### REQUIREMENT:
Without copying any picture, transcribe exactly the lines of the data below from the one containing "Обои Молодая девушка" through the one containing "Create and send".

### INPUT FOR THIS TASK:
┌────────
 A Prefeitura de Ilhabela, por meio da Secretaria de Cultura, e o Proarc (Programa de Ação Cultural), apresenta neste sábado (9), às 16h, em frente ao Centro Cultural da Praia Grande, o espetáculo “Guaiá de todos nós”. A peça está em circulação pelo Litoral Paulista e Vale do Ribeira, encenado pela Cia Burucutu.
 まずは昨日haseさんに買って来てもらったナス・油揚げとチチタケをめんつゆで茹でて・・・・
└────────
┌────────
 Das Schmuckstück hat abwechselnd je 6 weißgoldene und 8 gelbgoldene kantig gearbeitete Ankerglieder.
└────────
┌────────
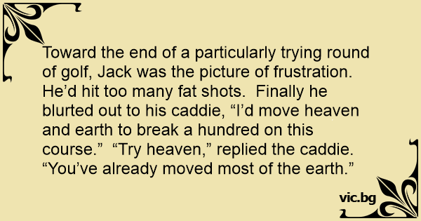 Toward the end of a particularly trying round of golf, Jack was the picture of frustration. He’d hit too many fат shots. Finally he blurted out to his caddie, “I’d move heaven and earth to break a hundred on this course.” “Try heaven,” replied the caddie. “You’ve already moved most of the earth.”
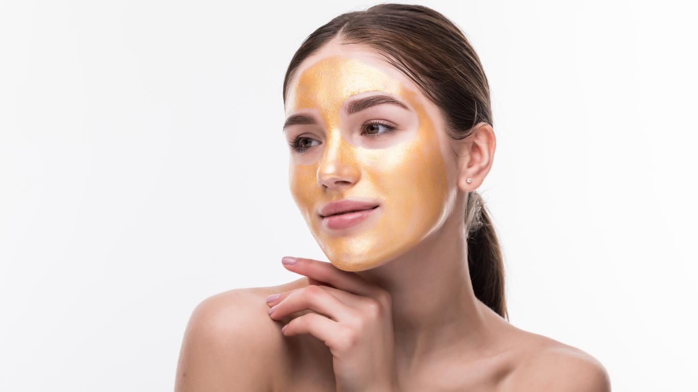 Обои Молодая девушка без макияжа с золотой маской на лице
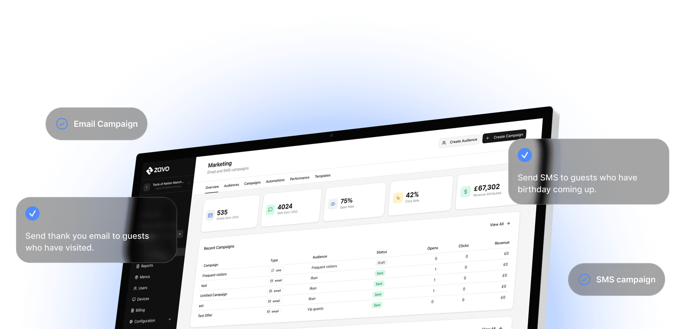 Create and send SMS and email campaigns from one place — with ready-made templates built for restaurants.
└────────
### SOLUTION BELOW:
 Обои Молодая девушка без макияжа с золотой маской на лице
 Create and send SMS and email campaigns from one place — with ready-made templates built for restaurants.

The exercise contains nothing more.